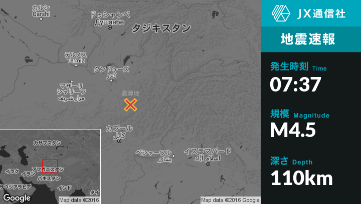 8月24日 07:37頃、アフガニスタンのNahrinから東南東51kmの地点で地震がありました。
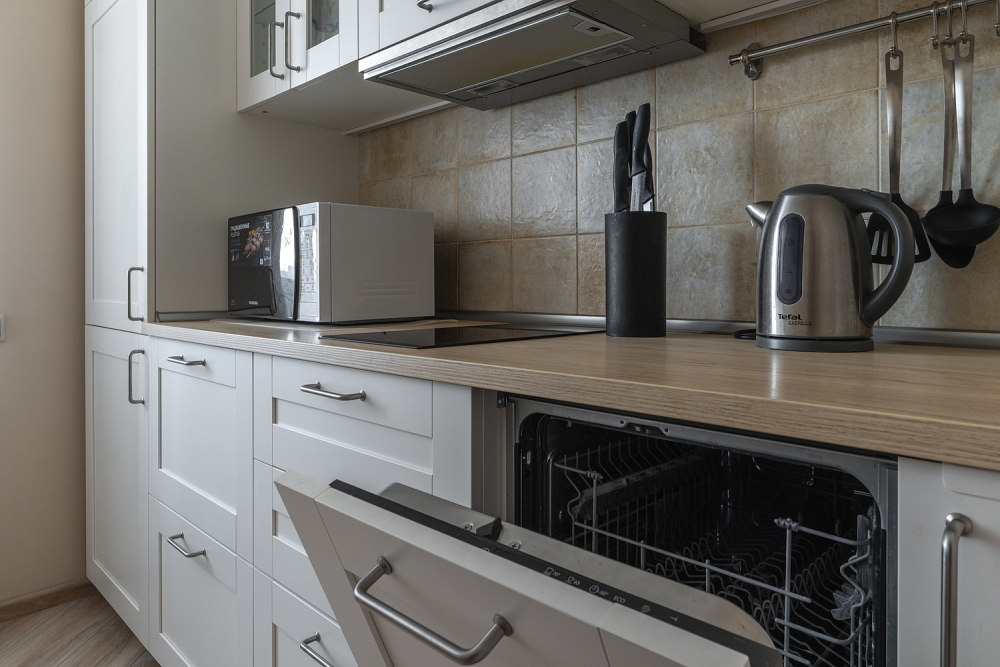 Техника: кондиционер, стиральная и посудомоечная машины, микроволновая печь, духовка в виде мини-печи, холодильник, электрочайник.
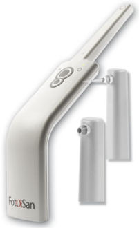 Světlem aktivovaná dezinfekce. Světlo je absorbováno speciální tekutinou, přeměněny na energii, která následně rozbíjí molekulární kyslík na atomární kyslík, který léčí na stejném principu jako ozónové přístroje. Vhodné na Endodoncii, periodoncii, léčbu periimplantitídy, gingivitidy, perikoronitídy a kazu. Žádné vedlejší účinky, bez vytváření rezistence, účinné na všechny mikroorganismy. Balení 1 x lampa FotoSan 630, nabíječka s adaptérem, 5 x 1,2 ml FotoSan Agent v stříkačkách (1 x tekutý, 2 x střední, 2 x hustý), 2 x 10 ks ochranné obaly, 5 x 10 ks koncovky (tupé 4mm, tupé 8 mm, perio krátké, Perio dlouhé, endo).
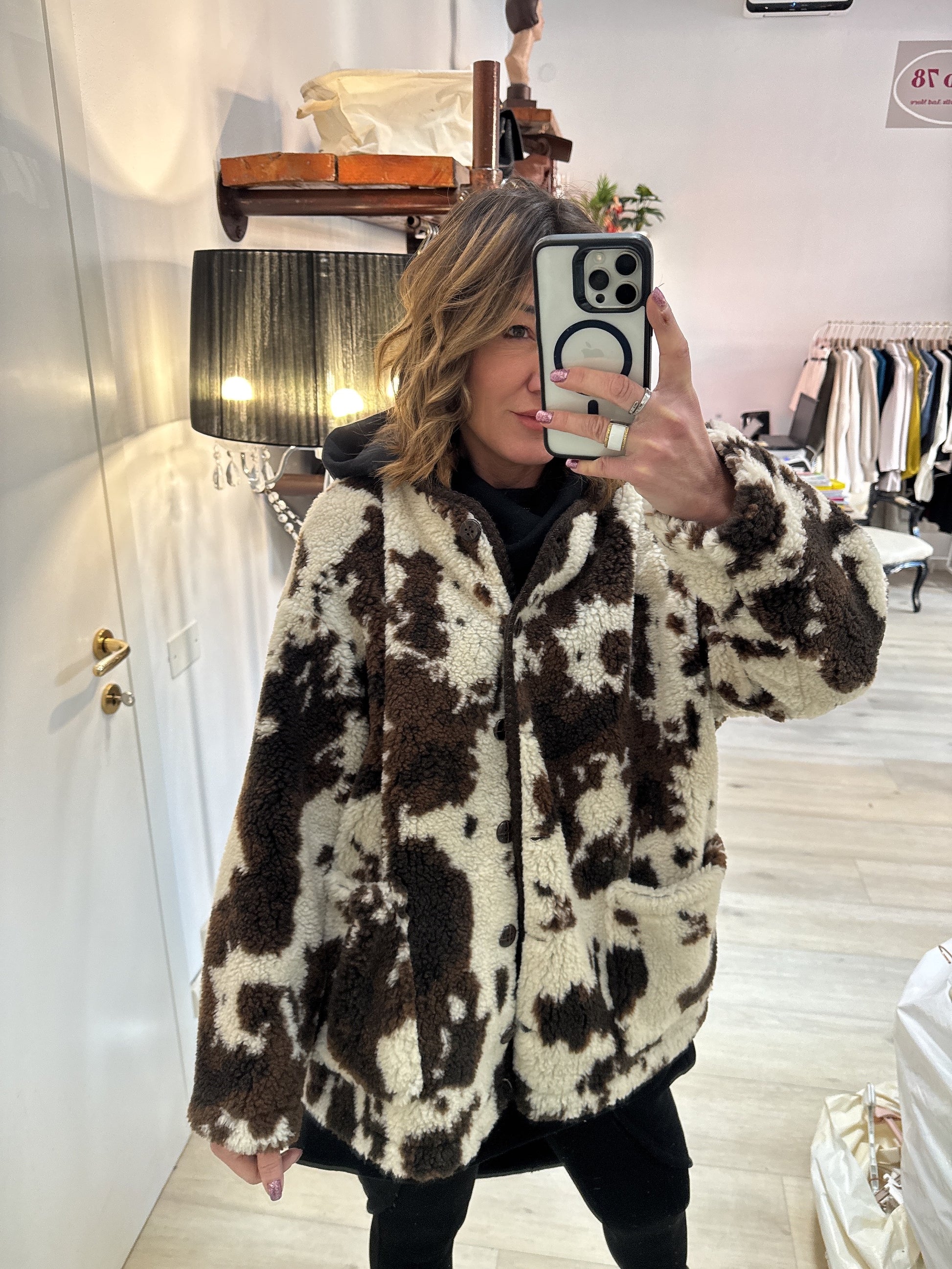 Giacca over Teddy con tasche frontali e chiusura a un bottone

• Assignment: From the first line to the last, retype the data above exactly, but not its images.

• The completed task:
 8月24日 07:37頃、アフガニスタンのNahrinから東南東51kmの地点で地震がありました。
 Техника: кондиционер, стиральная и посудомоечная машины, микроволновая печь, духовка в виде мини-печи, холодильник, электрочайник.
 Světlem aktivovaná dezinfekce. Světlo je absorbováno speciální tekutinou, přeměněny na energii, která následně rozbíjí molekulární kyslík na atomární kyslík, který léčí na stejném principu jako ozónové přístroje. Vhodné na Endodoncii, periodoncii, léčbu periimplantitídy, gingivitidy, perikoronitídy a kazu. Žádné vedlejší účinky, bez vytváření rezistence, účinné na všechny mikroorganismy. Balení 1 x lampa FotoSan 630, nabíječka s adaptérem, 5 x 1,2 ml FotoSan Agent v stříkačkách (1 x tekutý, 2 x střední, 2 x hustý), 2 x 10 ks ochranné obaly, 5 x 10 ks koncovky (tupé 4mm, tupé 8 mm, perio krátké, Perio dlouhé, endo).
 Giacca over Teddy con tasche frontali e chiusura a un bottone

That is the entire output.